Monday, June 18, 2007

This is the value of a "brand name" education

The other night over dinner, my boyfriend and I were discussing tuition prices for our first year of college. He started at UT Austin in the Fall of 1988; I started at Johns Hopkins University in the Fall of 1989. His first semester as a Texas resident was $450 and the price rose to $500 his second semester, making the grand total for his first year of college education a full $950. Now I, the East Coast Sophisticate, as he teases me, paid (or rather, my father paid) $15,000 for my first year of tuition.

Insane?
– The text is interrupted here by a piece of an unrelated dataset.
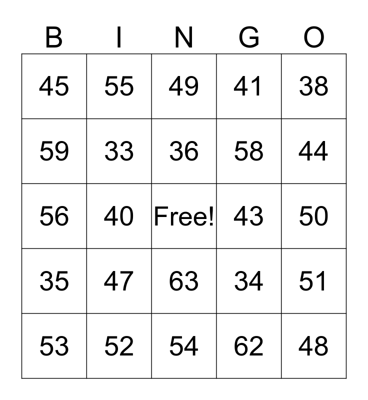 This bingo card has a free space and 36 words: 30, 31, 32, 33, 34, 35, 36, 37, 38, 39, 40, 41, 42, 43, 44, 45, 46, 47, 48, 49, 50, 51, 52, 53, 54, 55, 56, 57, 58, 59, 60, 61, 62, 63, 64 and 65.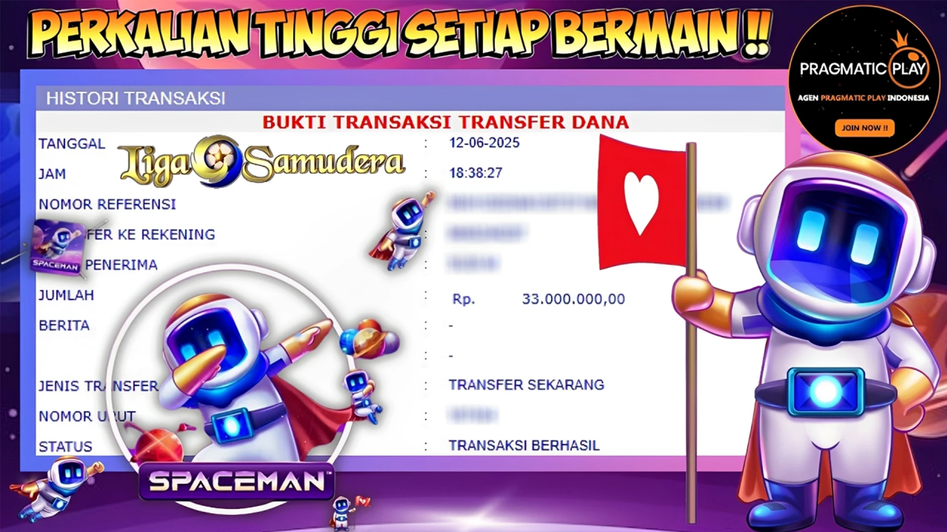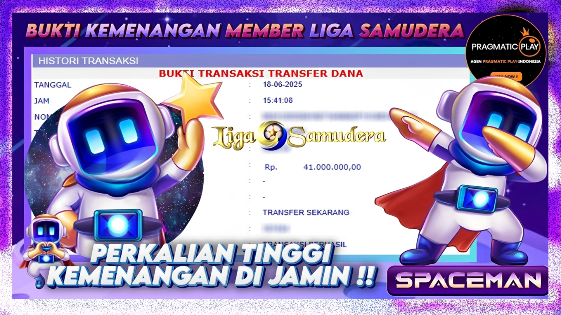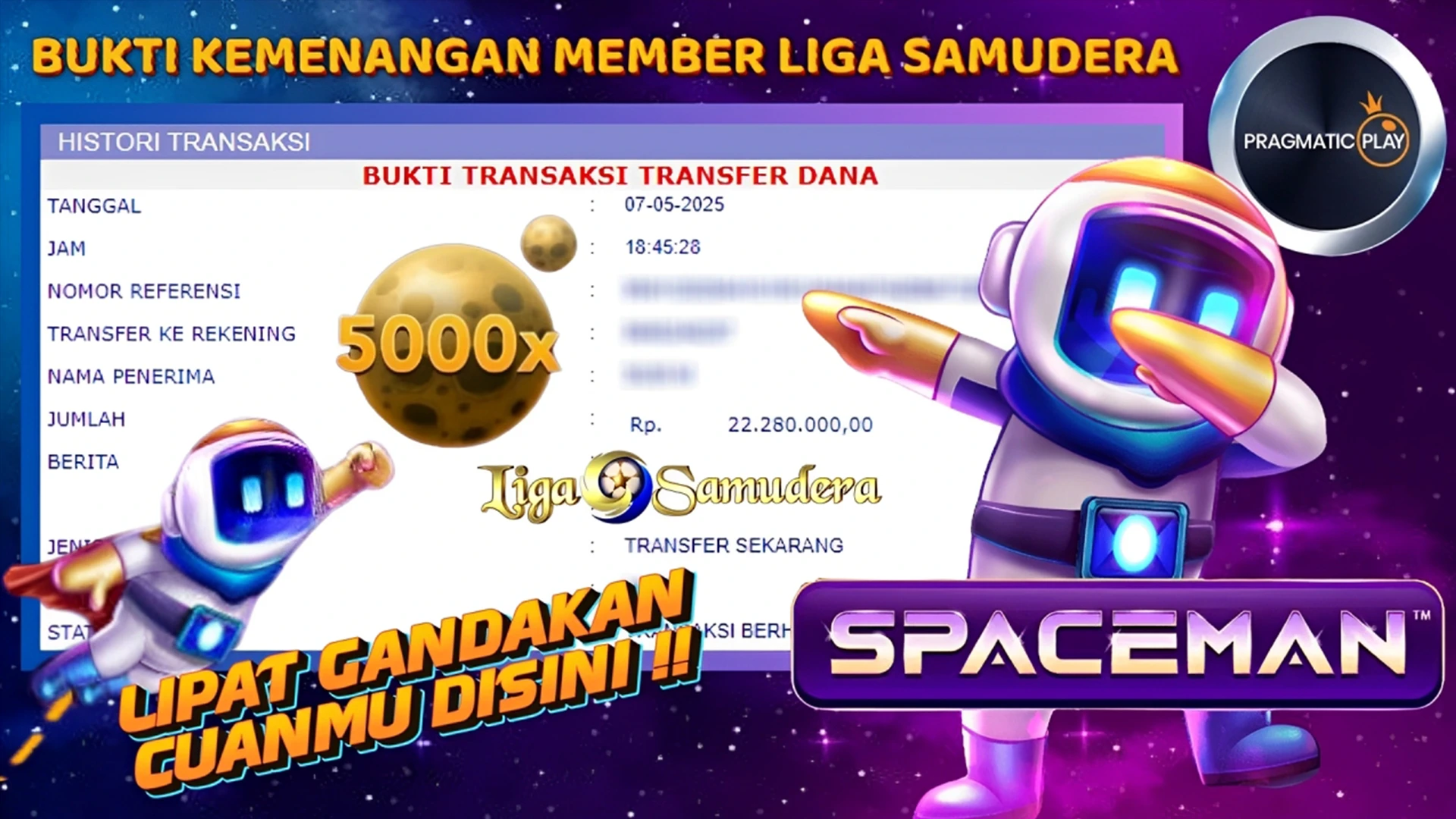 BUKTI KEMENANGAN MEMBER LIGA SAMUDERA BERMAIN E-GAMES PRAGMATIC “SPACEMAN”

Obviously.

To the outside observer, anyway.

He was a student on a campus of 50,000 students, while I enjoyed the relative quiet of being amongst less than 3,000 undergrads and a few hundred more graduate students. I knew a large proportion of my graduating class, but I know he can't say the same. And while we are both very intelligent people, I have experienced being one of the least intelligent people in a class or just simply in a room. He has not. He understands not wanting to be the smartest person in a room, but he's never spent years in a place where, even in an elevator or bathroom, you knew with almost absolute certainty that you weren't the smartest person in the room. I can't quite explain the comfort in that, but there's something easy about being able to use all your SAT words and skip as many steps in logical thought as you want, over a bowl of Lucky Charms, and not feel self conscious about it.

But here's the true power of the designer label education. It's where your friends wind up. I not only know doctors and lawyers and professors and such, but I know a great transplant surgeon in New York City. I can email a friend and get a referral to one of the top specialists on a rare autoimmune disorder for a friend's brother. In the space of 20 minutes, I can get a full explanation on the current methodology for biopsies of breast lumps and a recommendation for a second opinion.

It's that part of what college is about? Making the connections that will help you throughout your life? I don't mean to suggest that there aren't many people who graduated from UT who have gone on to do amazing things and help their former classmates, just that there were probably a higher proportion of Hopkins alum who did and with the smaller number of students, one had a much higher probability of actually knowing them.

We're just going to ignore the guy I went to school with who produces Pimp My Ride. That works for you, right?